Pai got specific in a Dec. 5 op ed in conservative newspaper The Washington Times.
He suggested that Apple was sending coded messages to China about censoring content.
"[J]ust this weekend, Apple’s chief executive [Tim Cook] gave a keynote address at the World internet Conference in China," Pai wrote. "That gathering promotes China’s vision of government censorship of the internet. What did he say there? Among other things: 'We are proud to have worked alongside many of our partners in China to help build a community that will join a common future in cyberspace.' That is code for a censored internet. And it should alarm anyone who believes in internet freedom."
An Apple spokesperson was not available at press time for comment on Pai's characterization of Cook's address.
"Some have tried to whip Americans into a frenzy by making outlandish claims," Pai wrote in the op ed. "Feeding the hysteria are silly accusations that the plan will 'end the internet as we know it' or threaten American democracy itself.
"These claims obscure a pretty mundane truth: This plan would simply restore the successful, light-touch regulatory framework that governed the internet from 1996 to 2015," he said. "And importantly, it would get the government out of the business of micromanaging the internet."
Pai has been on something of a "light touch" tour in speeches and appearances to counter the net-neutrality activist narrative, as well as raising a heavier hand in the direction of Silicon Valley. His plan to remove most net-neutrality regulations on ISPs is scheduled to be voted Dec. 14.
Related: Pai Calls Twitter Bigger Threat to Open Internet Than ISPs
Pai has long argued that ISPs were unfairly singled out as gatekeepers in an internet ecosystem that included massively powerful edge players. He said in the op ed it is false to suggest that Title II-based regs, which he labeled the Obama FCC rules, are necessary.
He reiterated his theory of why edge providers like Google and Amazon generally support net-neutrality regs: "Saddling internet service providers with tougher regulations than apply to themselves helps them cement their dominance over the internet economy."
He called that regulatory arbitrage that was not in the public interest and reiterated, as he said in a speech about edge prpviders last week, that "large Silicon Valley platforms today pose a far greater threat to a free and open internet than do internet service providers."
His other illustrations of that point included that Twitter did not allow House Communications Subcommittee chair Marsha Blackburn (R-Tenn.) to promote her Senate campign video because of a pro-life message, and YouTube restricted access to video from some conservative commentators.
Tension is growing in Washington between the pressure not to censor online content and for social media to better police content for inappropriate content like hate speech, terrorist recruitment or sex solicitation.
"If these companies are truly committed to an open internet where Americans can freely access the content of their choice, like I am, it’s curious that they focus on unnecessary and harmful regulation of other parts of the internet ecosystem with little history of engaging in this kind of behavior," Pai said.
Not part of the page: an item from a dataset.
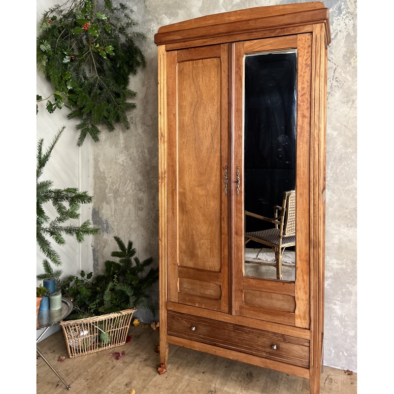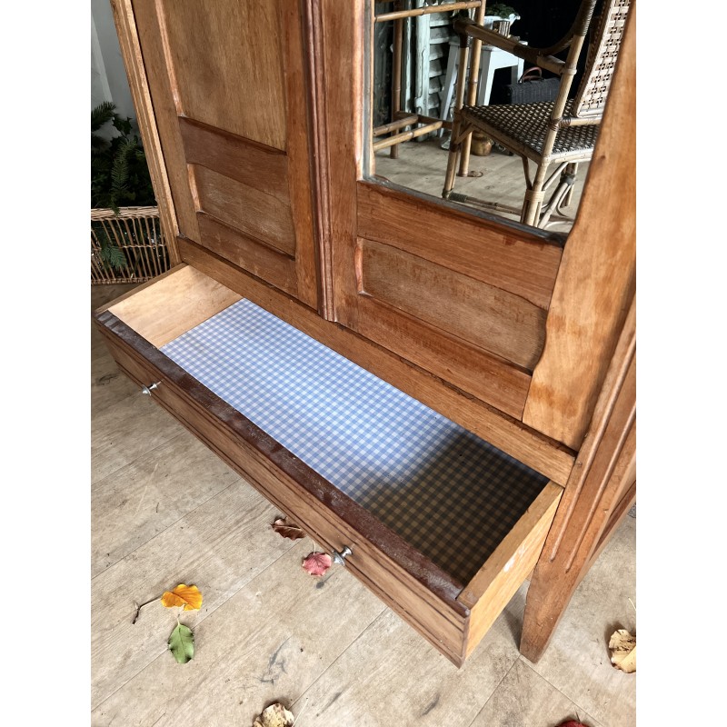 Jolie petite armoire ancienne, avec un miroir d’origine sur une des portes. À l’intérieur deux étagères avec revêtement à carreaux bleu ciel (quelques taches), il pourrait être enlevé.

The centerpiece of Pai's new regulatory proposal is removing regs; boosting ISP transparency about what they are doing -- paid prioritization, or blocking or throttling, though ISPs have pledged they won't do the last two; and having the Federal Trade Commission hold them to those promises with the Justice Department backstopping any anticompetitive conduct.
He said Silicon Valley could use some similarly disinfecting sunlight.
"Right now, consumers are largely left in the dark when it comes to how these companies determine what American consumers see in their newsfeeds or search results," he said. "For example, these platforms could be using algorithms that favor content with certain viewpoints, and their users would have no way of knowing that they were being manipulated in this way. Is this a problem that needs to be addressed, and if so, how? I don’t claim to have all of the answers, but I do think these are questions worth raising.
"So as we think about internet policy, we should look at the entire internet economy — not single out one part of it," he added.